*** THE DATA

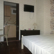 Номера «Стандарт» 2-х местный. Возможно поставить дополнительное спальное место. Находится на втором этаже. Всего номеров на этаже два. В номере есть 2-х спальная кровать, шкаф, комод, холодильник, телевизор, кондиционер, полотенца, фен, средства личной гигиены.Так же на этаже находится своя большая кухня со столиками, чайник, СВЧ, плита, вся необходимая посуда, моющее средства доя посуды. Возможно заселение одной семьи из 4-6чел., а так же две семьи по 3 чел. Так же парам или одной компании.
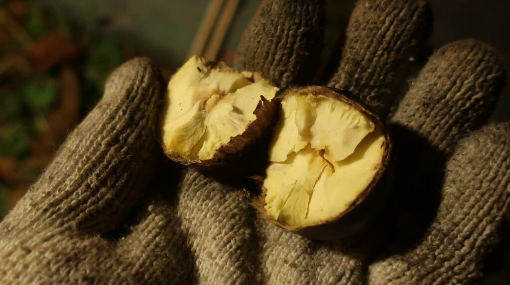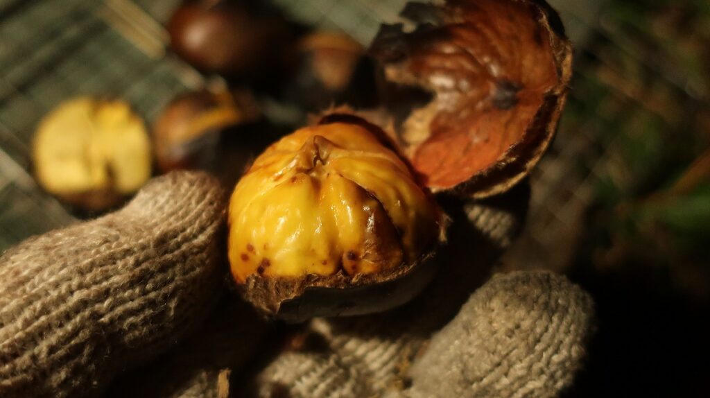 この栗、収穫して数週間冷蔵保存しているので、糖度が増しています。
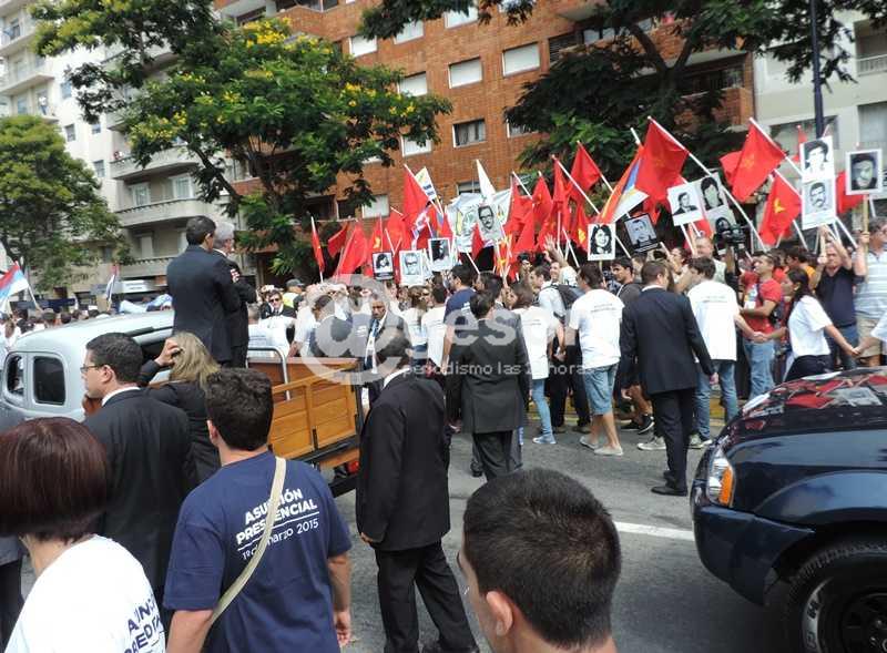 La caravana salió del Palacio Legislativo para llegar a Plaza Independencia donde Tabaré Vázquez y Raúl Sendic, en la caja de la camioneta Forson 1951-el vehículo de la juventud del Presidente-, saludaron a la gente que se sumó al festejo.

******

**TASK STATEMENT**
Starting at the line that holds "この栗、収穫して数週間冷蔵保存しているので、糖度が増しています。", retype every line through the end of the data, both ends included. Pictures stay out of the copy.

**WORKED SOLUTION**
 この栗、収穫して数週間冷蔵保存しているので、糖度が増しています。
 La caravana salió del Palacio Legislativo para llegar a Plaza Independencia donde Tabaré Vázquez y Raúl Sendic, en la caja de la camioneta Forson 1951-el vehículo de la juventud del Presidente-, saludaron a la gente que se sumó al festejo.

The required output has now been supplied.